The great indices of the previous era of folklore scholarship took one step in this direction by attempting to map, mostly in bibliographic terms but indirectly in cartographic, the various texts that had been collected in the initial wave of the philological project. At the same time as Stith Thompson turned his great carousel to compile the Motif Index three-by-five card by three-by-five card, however, a few scholars and scientists were beginning to play with the idea of using computers, as slow and expensive as they were then, to compile statistics about texts[^cf2].
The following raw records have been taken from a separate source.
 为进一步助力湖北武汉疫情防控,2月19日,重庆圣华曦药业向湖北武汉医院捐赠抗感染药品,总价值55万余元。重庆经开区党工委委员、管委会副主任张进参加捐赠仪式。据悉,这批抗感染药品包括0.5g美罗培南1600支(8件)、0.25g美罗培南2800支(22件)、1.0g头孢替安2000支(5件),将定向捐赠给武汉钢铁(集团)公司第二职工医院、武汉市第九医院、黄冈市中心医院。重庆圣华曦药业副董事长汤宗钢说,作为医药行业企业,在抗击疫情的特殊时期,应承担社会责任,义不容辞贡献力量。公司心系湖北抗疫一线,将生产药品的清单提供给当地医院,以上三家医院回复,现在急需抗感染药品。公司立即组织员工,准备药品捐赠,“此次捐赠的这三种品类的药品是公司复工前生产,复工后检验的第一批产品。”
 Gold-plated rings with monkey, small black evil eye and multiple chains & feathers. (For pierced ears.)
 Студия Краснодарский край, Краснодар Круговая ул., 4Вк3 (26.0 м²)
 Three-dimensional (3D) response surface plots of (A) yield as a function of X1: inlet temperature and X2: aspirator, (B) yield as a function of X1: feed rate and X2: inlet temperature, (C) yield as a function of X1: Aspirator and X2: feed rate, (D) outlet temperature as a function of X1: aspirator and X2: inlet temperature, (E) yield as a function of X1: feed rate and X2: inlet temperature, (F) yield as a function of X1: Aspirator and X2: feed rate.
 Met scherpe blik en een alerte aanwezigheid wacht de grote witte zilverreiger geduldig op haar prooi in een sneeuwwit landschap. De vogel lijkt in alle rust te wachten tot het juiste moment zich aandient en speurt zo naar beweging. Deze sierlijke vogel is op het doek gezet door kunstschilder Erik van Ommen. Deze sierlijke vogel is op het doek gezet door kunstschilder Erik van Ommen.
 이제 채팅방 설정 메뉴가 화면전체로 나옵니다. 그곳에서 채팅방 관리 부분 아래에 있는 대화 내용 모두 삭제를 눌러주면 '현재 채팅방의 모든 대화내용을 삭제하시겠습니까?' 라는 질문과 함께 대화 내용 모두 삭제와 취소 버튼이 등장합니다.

Statistics remains, for most humanists, either an enigma or an enemy. It represents, for many (and with good reason), a regime of mathematics, itself something of a mystery, which has been used too often to summarize a situation or a group of people when a more subtle form of analysis was needed. I will not, in this essay, defend its use in such contexts. Nor am I interested in defending, or capable of discussing, the larger statistical turn that so many forms of knowledge production have undertaken. I have only this, a reworking of a dite from my own childhood and perhaps yours too: just because others are doing it is not a reason for us to do it, too.
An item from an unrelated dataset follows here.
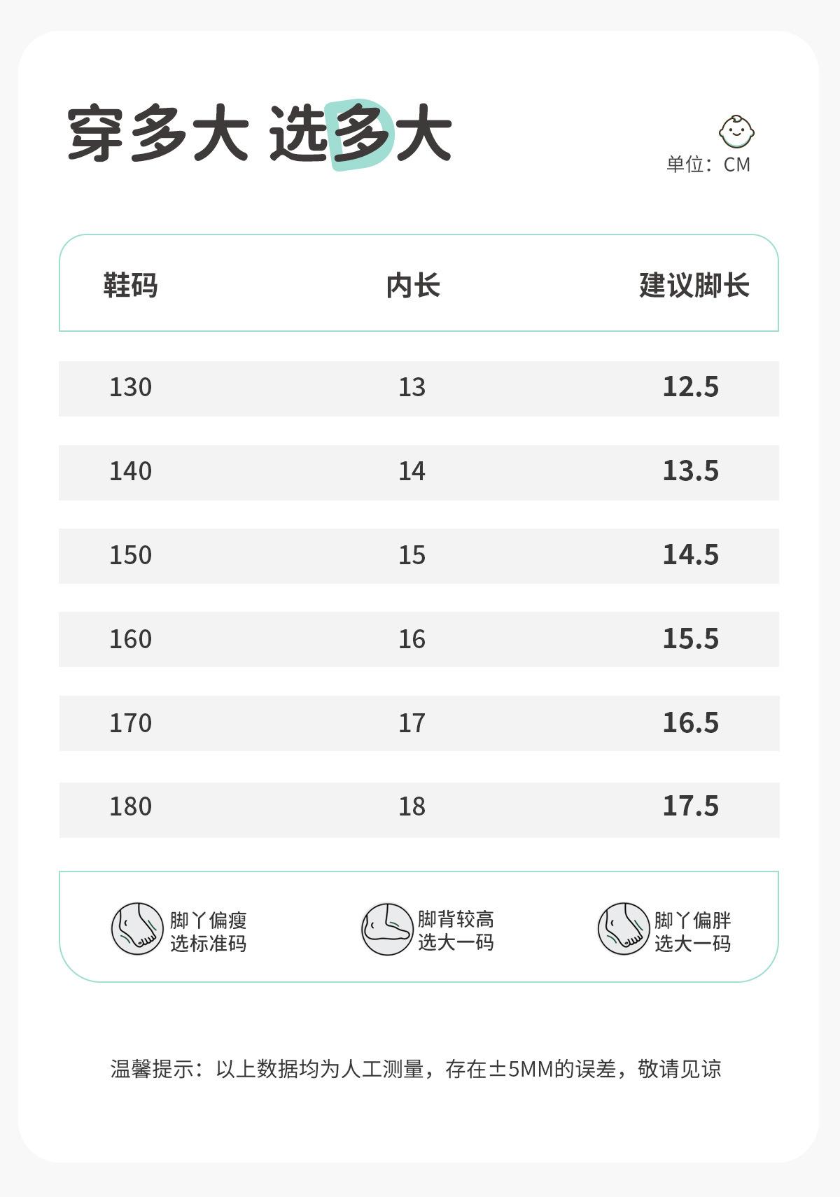 130 inner length 13 recommended foot length 12.5cm, 140 inner length 14 recommended foot length 13.5cm, 150 in...

I understand very well the humanistic impulse to draw a line in the discursive stand and to cry out “the crunching of us into numbers ends here.” My suggestion here, at this metaphorical line lying before us, is that the crunching will go on and on, and it can do so either without us or with our efforts not only to humanize the crunching but also to stuff it so full of the human that it might very well turn into a new kind of science, a new kind of scholarship that will not only be interesting to others, but also to us as well.
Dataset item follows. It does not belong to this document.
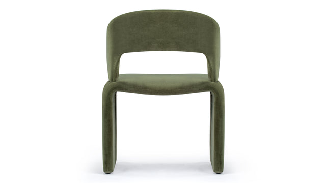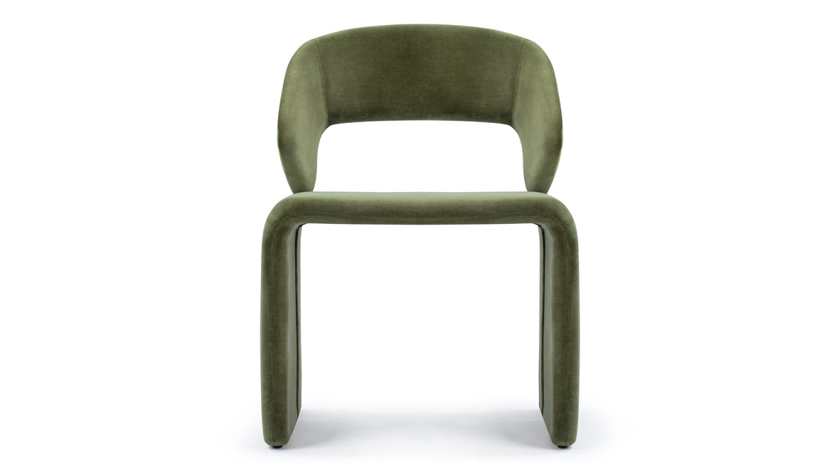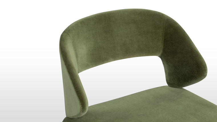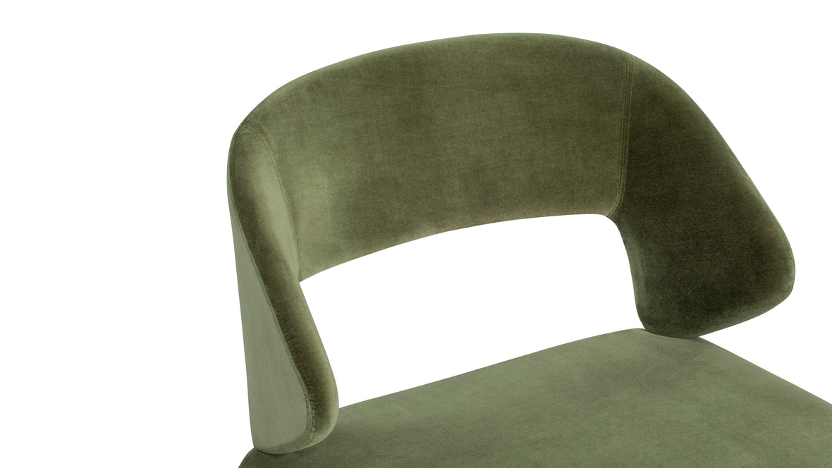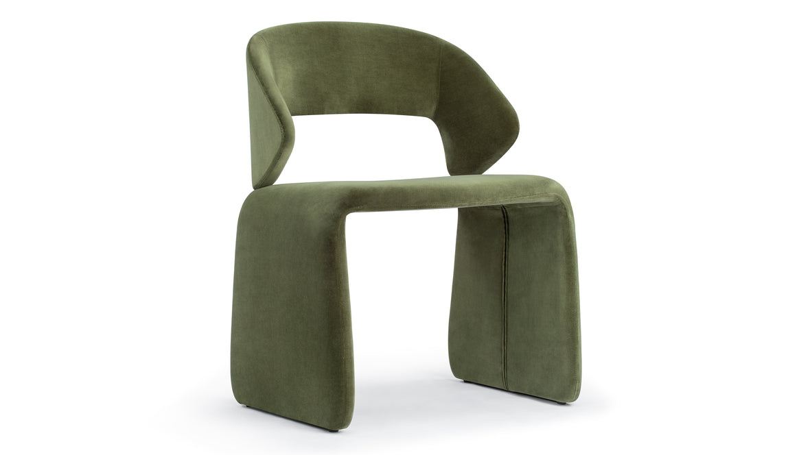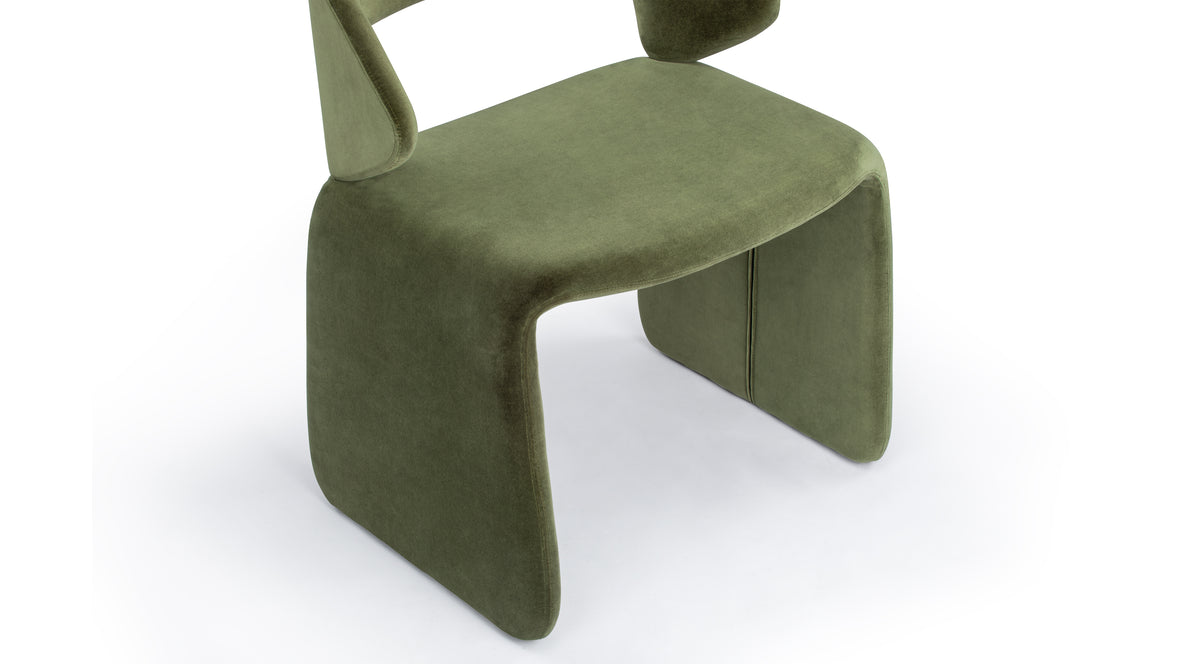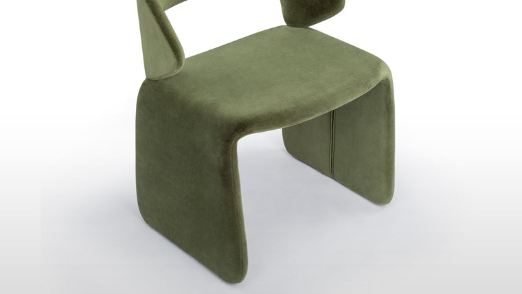 The Suit Chair merges modern sculptural design with ergonomic functionality, featuring a seamless frame upholstered in velvet. Available in Olive Green and Burnt Orange, it offers both visual appeal and lasting comfort for any room.

One of the central requirements of statistics is that you must convert information — perhaps a simply little story about a treasure buried somewhere, perhaps a few dozen of such stories, or perhaps several thousand — into data. But such a transformation amount simply to assigning values, most often numbers but they need not be, to the objects that are central to the problem. The analyst defines the problem, and the analyst assigns the values. Folklore studies has already done this in the form of tale type numbers, and motif numbers, and even when we describe the process of contextualization of a particular text.
So why count words? Well, clearly one reason to do so is simply to explore texts and textuality, to satisfy our curiosity about the fundamental dimensions of human expressivity: the number of words in a text, the word clusters (or collocations) that occur within a text as well as the words that always appear in conjunction with others in particular kinds of texts (co-occurrences). A second reason to proceed in this fashion is to make it possible to discover relationships between texts that we have not yet discovered by more traditional means of study. Discovery, indeed the notion of indexing itself, are the chief reason behind so much of the effort in natural language processing, as we will discuss in a moment. The final reason is that by seeing folklore texts in a new light and seeing relationships between texts that we have not gleaned before leads to new forms of knowledge, forms that need not displace but rather refine and extend current ways of knowing.
[^cf1]: The first public presentation of this research project was at the 2013 meeting of the International Society for Contemporary Legend Research. I would like to thank that group for their incredibly generosity and hospitality.
[^cf2]: The image of Stith Thompson sitting in a building dedicated to housing a carousel forty-feet in diameter is one that I owe entirely to Henry Glassie.